Spinal Allografts of Adrenal Medulla Block Nociceptive Facilitation in the Dorsal Horn

Ian D. Hentall,1,2 Brian R. Noga,1 and Jacqueline Sagen1

 1The Miami Project to Cure Paralysis, University of Miami School of Medicine, Miami, Florida 33136; and  2Department of Biomedical Sciences, University of Illinois College of Medicine, Rockford, Illinois 61107

Hentall, Ian D., Brian R. Noga, and Jacqueline Sagen. Spinal Allografts of Adrenal Medulla Block Nociceptive Facilitation in the Dorsal Horn. J. Neurophysiol. 85: 1788-1792, 2001. Transplantation of chromaffin cells into the lumbar subarachnoid space has been found to produce analgesia, most conspicuously against chronic neuropathic pain. To ascertain the neurophysiological mechanism, we recorded electrical activity from wide-dynamic-range dorsal horn neurons in vivo, measuring the short-lasting homosynaptic facilitatory effect known as windup, which is induced by repetitive C-fiber input. Rats were given adrenal medulla allografts, or, as controls, striated-muscle allografts. The adrenal-transplanted rats showed analgesia 3-4 wk after transplantation, measured as a reduction in flinching reflexes 30-55 min after subcutaneous formalin injection. Recordings were made under halothane anesthesia, 3-7 days following the behavioral testing.
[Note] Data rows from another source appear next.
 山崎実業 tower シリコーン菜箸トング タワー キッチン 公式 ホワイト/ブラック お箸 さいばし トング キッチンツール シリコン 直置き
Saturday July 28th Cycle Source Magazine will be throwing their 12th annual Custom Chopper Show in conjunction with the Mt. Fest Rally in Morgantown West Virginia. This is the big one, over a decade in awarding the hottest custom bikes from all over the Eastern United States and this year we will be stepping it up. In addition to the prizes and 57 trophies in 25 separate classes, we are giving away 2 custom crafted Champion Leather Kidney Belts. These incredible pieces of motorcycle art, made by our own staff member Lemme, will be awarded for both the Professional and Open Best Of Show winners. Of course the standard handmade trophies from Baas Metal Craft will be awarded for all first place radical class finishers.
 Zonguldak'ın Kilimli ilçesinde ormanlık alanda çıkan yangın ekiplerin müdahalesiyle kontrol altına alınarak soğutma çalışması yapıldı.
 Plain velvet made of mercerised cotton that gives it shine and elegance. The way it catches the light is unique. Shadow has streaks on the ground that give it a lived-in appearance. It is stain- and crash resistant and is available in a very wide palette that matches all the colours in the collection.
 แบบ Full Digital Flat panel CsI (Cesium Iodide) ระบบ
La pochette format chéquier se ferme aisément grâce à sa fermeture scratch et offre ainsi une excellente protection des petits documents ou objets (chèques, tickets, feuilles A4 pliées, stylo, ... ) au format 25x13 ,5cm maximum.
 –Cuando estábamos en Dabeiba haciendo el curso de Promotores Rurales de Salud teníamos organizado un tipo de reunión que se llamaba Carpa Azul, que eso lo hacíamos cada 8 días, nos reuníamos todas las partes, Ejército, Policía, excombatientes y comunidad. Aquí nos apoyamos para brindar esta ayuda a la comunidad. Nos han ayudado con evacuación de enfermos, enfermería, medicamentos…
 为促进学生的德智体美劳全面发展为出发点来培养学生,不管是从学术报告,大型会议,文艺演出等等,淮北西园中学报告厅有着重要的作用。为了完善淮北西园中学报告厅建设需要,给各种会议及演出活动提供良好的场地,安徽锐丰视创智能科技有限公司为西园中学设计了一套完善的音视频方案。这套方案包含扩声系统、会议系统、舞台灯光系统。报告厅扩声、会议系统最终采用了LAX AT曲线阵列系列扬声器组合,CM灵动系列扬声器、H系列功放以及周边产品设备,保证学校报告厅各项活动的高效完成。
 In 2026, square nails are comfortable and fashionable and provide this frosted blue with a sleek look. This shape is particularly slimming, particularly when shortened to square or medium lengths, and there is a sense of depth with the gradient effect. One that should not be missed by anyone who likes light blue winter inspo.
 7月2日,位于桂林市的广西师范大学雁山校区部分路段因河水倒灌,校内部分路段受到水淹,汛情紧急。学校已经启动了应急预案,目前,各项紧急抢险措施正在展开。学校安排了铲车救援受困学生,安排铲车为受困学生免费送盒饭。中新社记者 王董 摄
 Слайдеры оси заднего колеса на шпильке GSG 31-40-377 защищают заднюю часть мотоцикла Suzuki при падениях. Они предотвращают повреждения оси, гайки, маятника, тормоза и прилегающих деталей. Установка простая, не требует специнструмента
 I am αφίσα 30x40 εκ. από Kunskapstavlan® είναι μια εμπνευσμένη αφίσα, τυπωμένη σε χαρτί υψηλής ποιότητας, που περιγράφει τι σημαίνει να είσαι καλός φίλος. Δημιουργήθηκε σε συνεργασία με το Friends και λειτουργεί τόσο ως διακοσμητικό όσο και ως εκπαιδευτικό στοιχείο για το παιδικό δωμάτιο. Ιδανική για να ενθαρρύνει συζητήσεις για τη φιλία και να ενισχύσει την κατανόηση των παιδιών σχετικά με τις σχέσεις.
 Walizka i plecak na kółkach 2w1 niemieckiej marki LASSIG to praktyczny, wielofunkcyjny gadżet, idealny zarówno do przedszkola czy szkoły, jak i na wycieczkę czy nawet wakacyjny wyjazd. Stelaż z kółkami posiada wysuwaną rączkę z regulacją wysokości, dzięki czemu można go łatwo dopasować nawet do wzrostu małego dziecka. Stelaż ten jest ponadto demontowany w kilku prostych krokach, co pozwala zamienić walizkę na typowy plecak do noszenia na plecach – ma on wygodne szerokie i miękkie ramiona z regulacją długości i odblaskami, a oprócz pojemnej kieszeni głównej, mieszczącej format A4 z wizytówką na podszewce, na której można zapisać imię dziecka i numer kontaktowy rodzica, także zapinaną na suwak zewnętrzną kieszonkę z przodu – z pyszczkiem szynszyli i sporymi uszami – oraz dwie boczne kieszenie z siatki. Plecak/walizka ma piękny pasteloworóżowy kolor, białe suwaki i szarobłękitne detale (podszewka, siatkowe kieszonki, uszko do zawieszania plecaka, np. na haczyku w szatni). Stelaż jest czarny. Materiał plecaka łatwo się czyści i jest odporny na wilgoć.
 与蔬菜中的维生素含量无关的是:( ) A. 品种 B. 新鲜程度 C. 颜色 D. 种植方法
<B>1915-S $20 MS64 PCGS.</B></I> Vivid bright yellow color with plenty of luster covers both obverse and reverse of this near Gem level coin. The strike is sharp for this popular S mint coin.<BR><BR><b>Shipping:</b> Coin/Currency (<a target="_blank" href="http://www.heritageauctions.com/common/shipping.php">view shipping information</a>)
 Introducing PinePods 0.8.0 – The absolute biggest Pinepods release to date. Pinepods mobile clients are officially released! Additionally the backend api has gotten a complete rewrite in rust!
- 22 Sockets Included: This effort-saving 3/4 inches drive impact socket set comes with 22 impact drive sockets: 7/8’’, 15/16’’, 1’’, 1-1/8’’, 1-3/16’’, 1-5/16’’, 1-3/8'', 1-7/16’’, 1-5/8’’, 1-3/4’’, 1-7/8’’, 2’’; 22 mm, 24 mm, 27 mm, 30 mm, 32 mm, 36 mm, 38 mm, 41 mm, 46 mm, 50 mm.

The average C-fiber response and subsequent afterdischarge were facilitated severalfold in control rats by 1-Hz cutaneous electrical stimulation. Such facilitation was essentially absent in adrenal-transplanted animals and also in the A-fiber response of both preparations. Extirpation of transplanted tissue several hours prior to recording did not significantly affect this difference. In conclusion, the adrenal transplants block short-term spinal nociceptive facilitation, probably by stimulating some persistent cellular process that may be an important determinant, but not the only one, of their analgesic effect.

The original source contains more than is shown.